Some studies [13], [27] have reported varying outcomes regarding clinical and imaging predictors of treatment response in LARC. Nonetheless, uninvolved CRM has consistently been recognized as a reliable indicator of favorable pathological response [13], [28], [29] which is consistent with our findings. Notably, this study is the first to identify an association between preoperative MWT and tumor response, indicating that a smaller preoperative MWT is associated with a higher probability of favorable pathological response.

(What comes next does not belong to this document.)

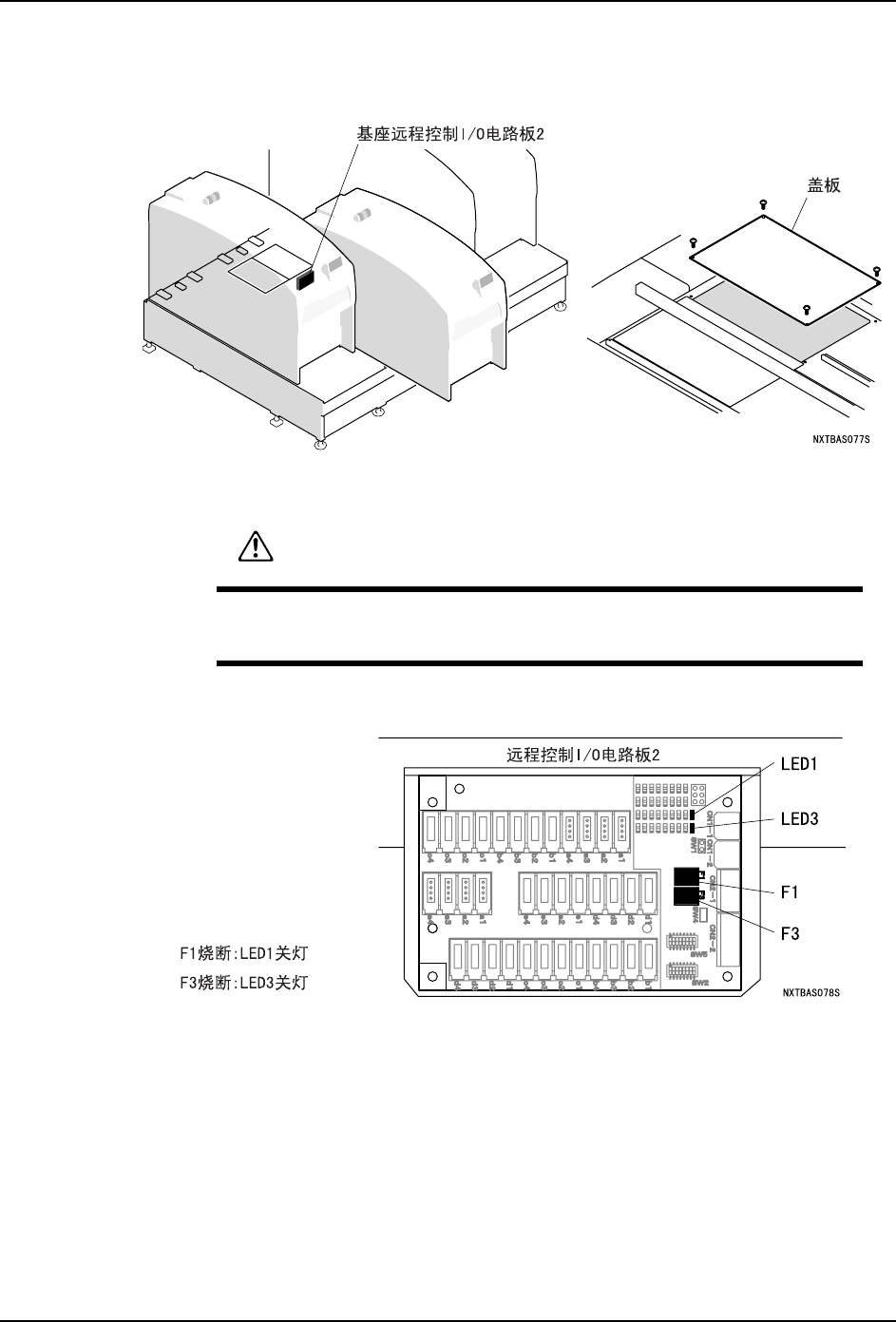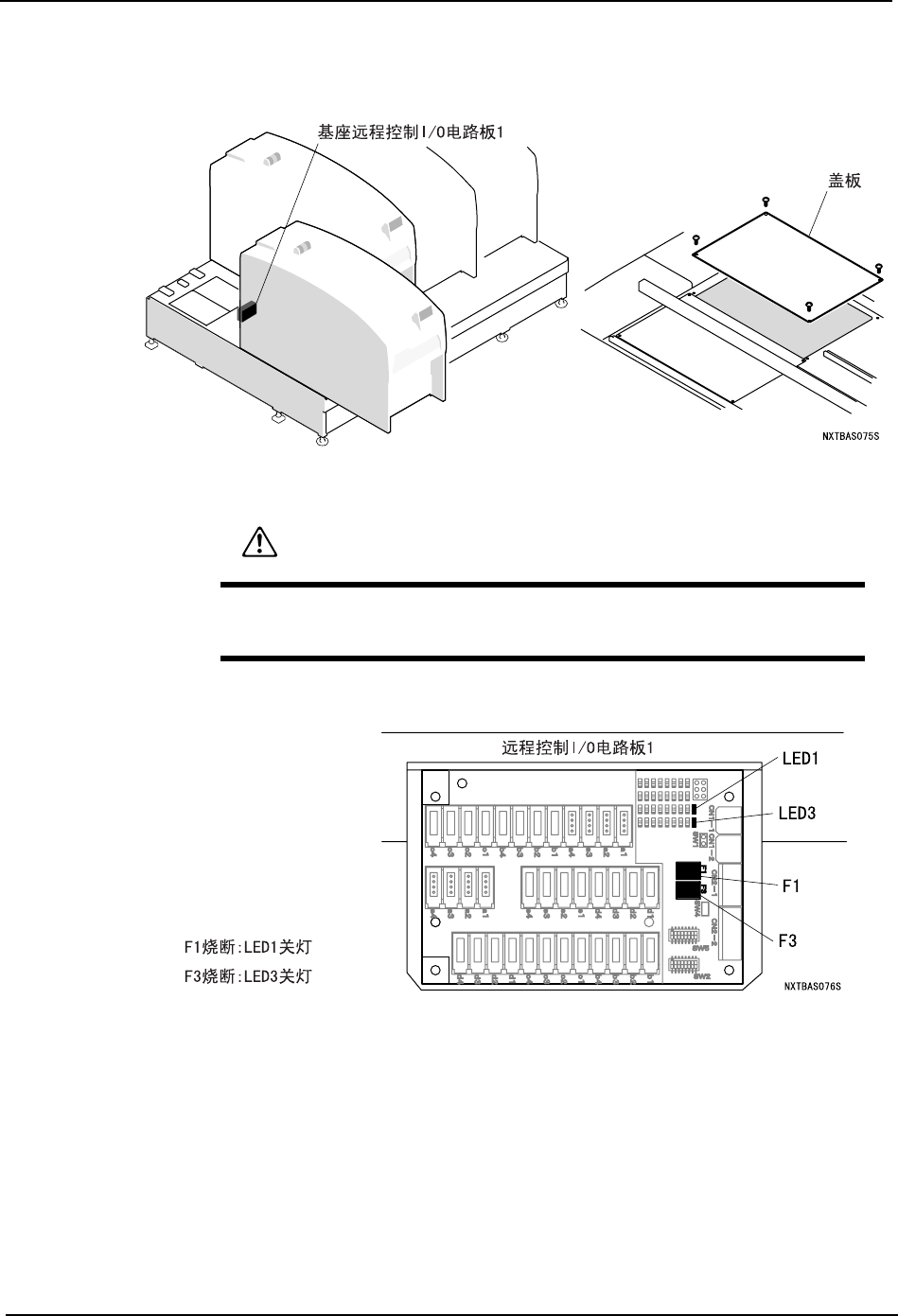 QD029-09 7. 消耗品的更换 NXT 机械手册 267 7.10.1 远程控制 I/O 电路板 1 (8M 基座 ) 1. 拆下远程控制 I/O 电路板上方的盖板。 2. 确认烧断的保险丝是哪一根后,将主电源 开关 OFF 后切断机器的电源。 3. 从远 程控制 I/O 电路板 上拔下保险丝 (F1, F3) 并 更换。 注意 在更换保险丝前,请务必切断 电源。请用与拆下的保险丝相同容 量的保险 丝更换。

Furthermore, when comparing the paired radiological features before and after treatment, all features, with the exception of distance from the tumor to the anal verge (DTAV) in the good response group, exhibited statistically significant differences (Table A.6). The lack of a significant difference in DTAV may be due to the relatively small sample size of the favorable response subgroup, which reduced the statistical power to detect subtle changes. In addition, the absence of a significant association between baseline MWT or CRM status and treatment response suggests that these pre-NCT MRI features may reflect initial tumor burden rather than capturing the dynamic biological changes induced by treatment.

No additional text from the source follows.